Hidden in Plain Sight: A Sneaky Solidity Implementation of a Sealed-Bid Auction

Michael Zhu

Editor’s note: This piece is part of our ongoing series on all things auctions for web3. Part 1 was an overview of auction designs, and technical challenges (and opportunities) specific to mechanism design in a permissionless blockchains context. Part 2 was a piece on clearing the market and avoiding gas wars. Part 3 shares an overview of canonical auction types, a look into how theory translates into practice, and our first implementation of a novel, sealed-bid Vickrey auction. 

On-chain auctions are one of the most interesting (and ubiquitous) design spaces in web3 — from NFT sales to collateral auctions — giving rise to a new landscape of implementations and research. While auction mechanism design has been around for centuries, and has evolved in recent decades with the advent of the web and ecommerce, we’re only now applying these approaches to smart contracts.
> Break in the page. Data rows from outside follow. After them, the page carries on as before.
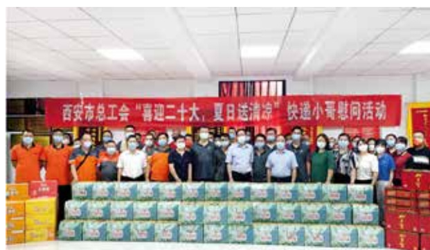
2022年8月23日，西安市总工会、市邮政管理局联合慰问咸阳中通快递西北转运中心一线快递员工

检和义诊覆盖人次近1.4万人次，先后为1000余名快递员开展上门体检服务，定期免费为全市快递员开展法律咨询和心理健康服务。三是推动建立快递行业职工医疗互助保障计划，鼓励企业为快递员建立多层次保障体系，1550人纳入职工互助保障计划。联合市人社局等单位成立工作专班，合力督促企业为快递员办理工伤保险，全年全市参加社会保险人员突破2万，优先参加工伤保险快递员5652人，实现快递从业人员保险全覆盖。四是积极推动快递电动三轮车“亮尾靛箱”工作，对全市1000辆快递电动三轮车进行美化靓化，并在全市快递企业中推广“一盔一带”安全守护行动，着力解决快递员群体最关心、最直接、最现实的合法权益问题，全面提升快递员群体的获得感、幸福感和安全感。五是积极落实国家邮政局等7部委《关于做好快递员群体合法权益保障工作的意见》，争取到市专项财政资金335.4万元，引导快递企业不断加大培训力度，组织从业人员应培尽培，愿培则培，教育员工从“要我学”向“我要学”转变，对全市7141人次开展快递员技能提升培训。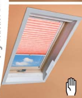
Zastana plisowana APS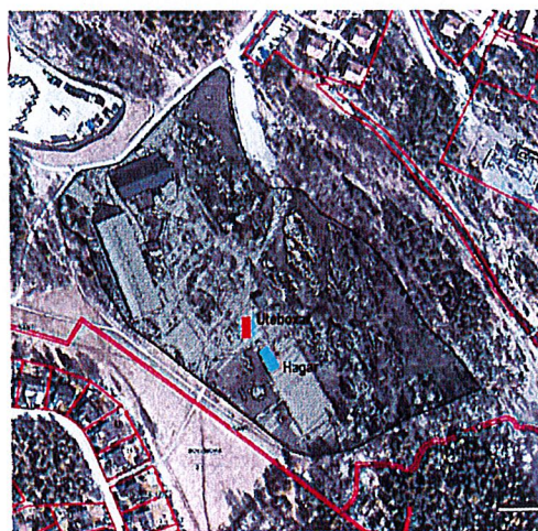
Placering inom fastighetsgränsen (streckad linje)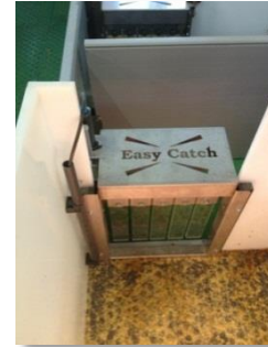
Easy Catch (patented)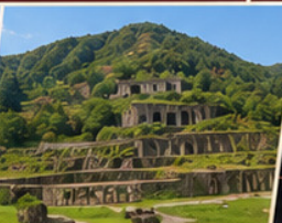
เหมืองทองซาโตะ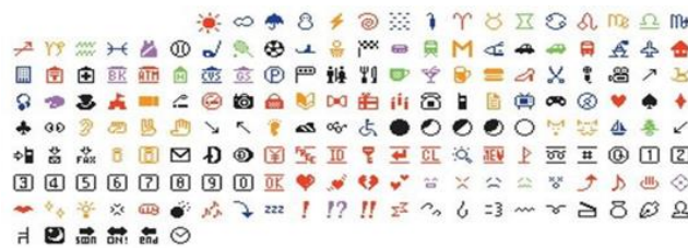
Рисунок 1 - Первый набор из 172 символов эмодзи размером 12×12 пикселей

Первый набор из 172 символов эмодзи размером 12×12 пикселей был разработан в составе функций обмена сообщениями для i-mode с целью облегчения электронного общения и стал характерной особенностью, отличающей эту платформу от других служб (рисунок 1).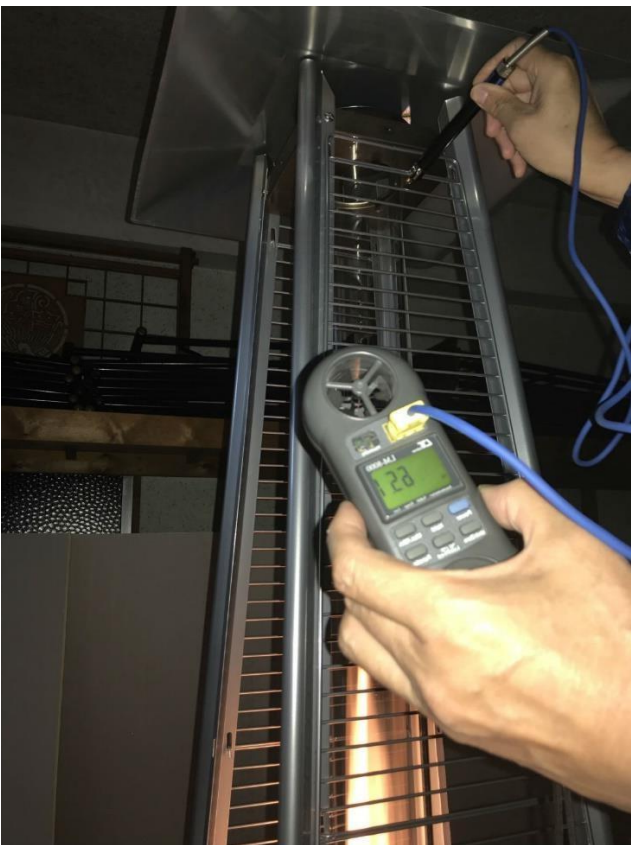
④計測地点の表面温度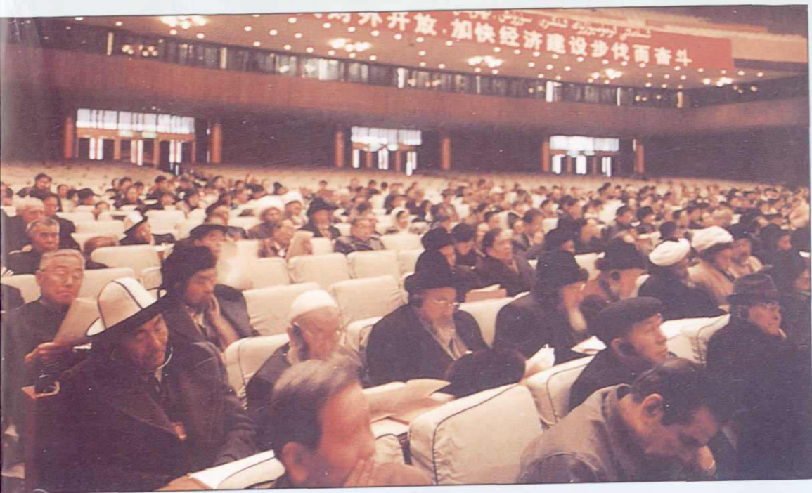
▲新疆自治区政协七届一次会议大会会场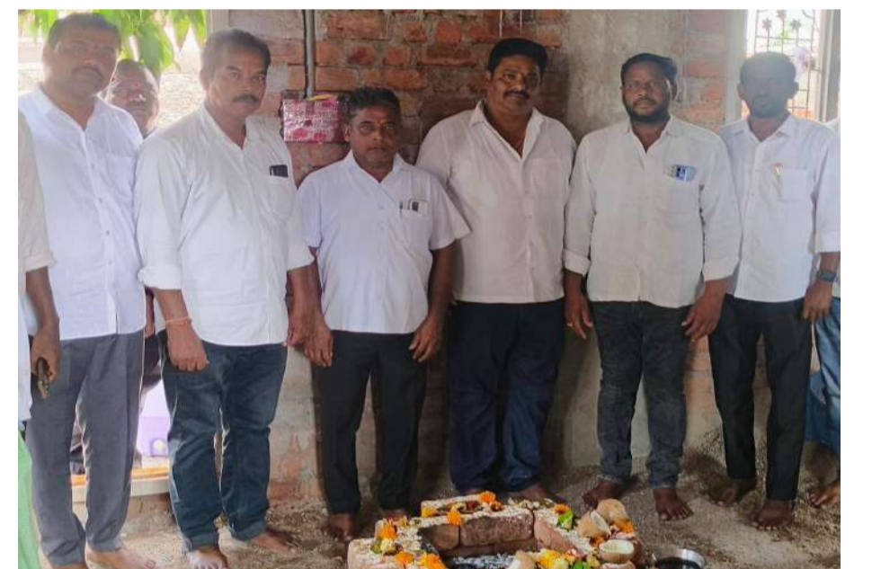
వేద న్యూస్, గొల్లపల్లి: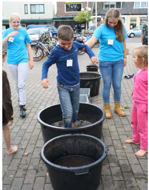
Jongeren helpen kinderen bij het spel

Jongeren in de leeftijd van 12 tot 17 jaar nemen in het kader van M25 (M-Twentyfive) in Leiden deel aan veelsoortige activiteiten meldt Diaconie Bericht. Het project is in 2008 van start gegaan. Het recept blijkt heel succesvol te zijn. Jongeren worden - geïnspireerd door Matteüs 25 (de Werken van Barmhartigheid) - uitgedaagd, ondersteund en actief gemaakt om praktische hulp te bieden aan kwetsbare groepen in de samenleving. Van huis uit christelijk, islamitisch, hindoeïstisch of atheïstisch, iedereen is van harte welkom. Hoofddoel is jongeren aan den lijve te laten ervaren dat vrijwillige inzet voor anderen die het vaak wat minder hebben ook voor jezelf verrijkend, inspirerend, confronterend en uitdagend is.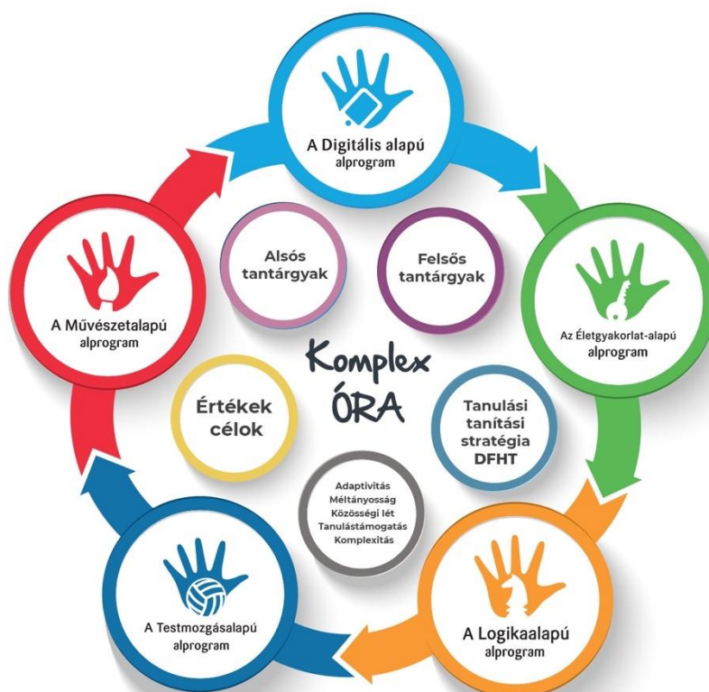
A Komplex órák felépítése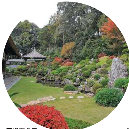
国指定名勝 龍潭寺庭園 浜松市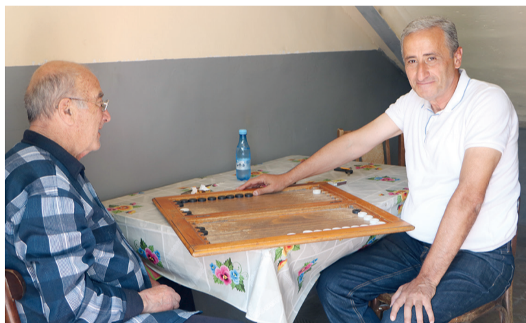
Нарды в Армении - самая популярная игра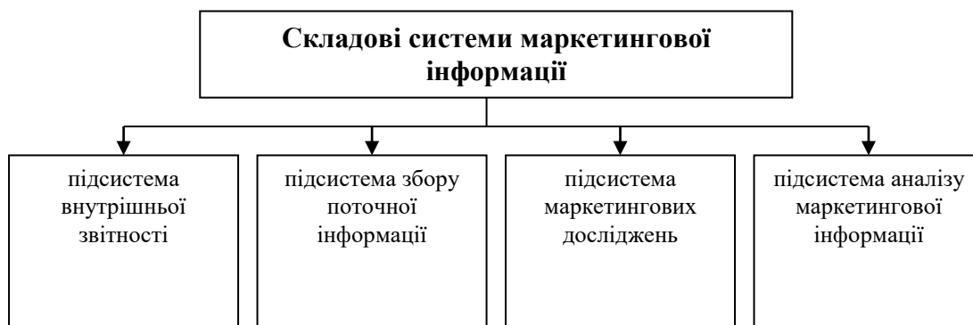
Рис. 3.2. Складові системи маркетингової інформації

Ілюстрації обов'язково мають назву, яку розмішують під нею. За необхідності під ілюстрацією розмішують пояснювальні дані (підрисунковий текст). Ілюстрація позначається словом «Рис. (номер рисунка)», яке разом з назвою ілюстрації розмішують після пояснювальних даних, наприклад:

We’re also starting to see more auction designs that are native to blockchains, including our open source Solidity implementation of a Vickrey auction, and several interesting developments from the community (including suggestionsfor efficiency improvements, new theoretical results, and two hackathon-winning implementations of sealed-bid auctions). In our first design, we made a tradeoff between privacy and capital efficiency: We used overcollateralization (bidders lock up more collateral than is required by their bid) in order to enforce payment from the winning bidder, without revealing the precise bid values via the collateral amount. By locking up more capital you get more privacy at a potentially greater opportunity cost. But what if we could have bid privacy without overcollateralization?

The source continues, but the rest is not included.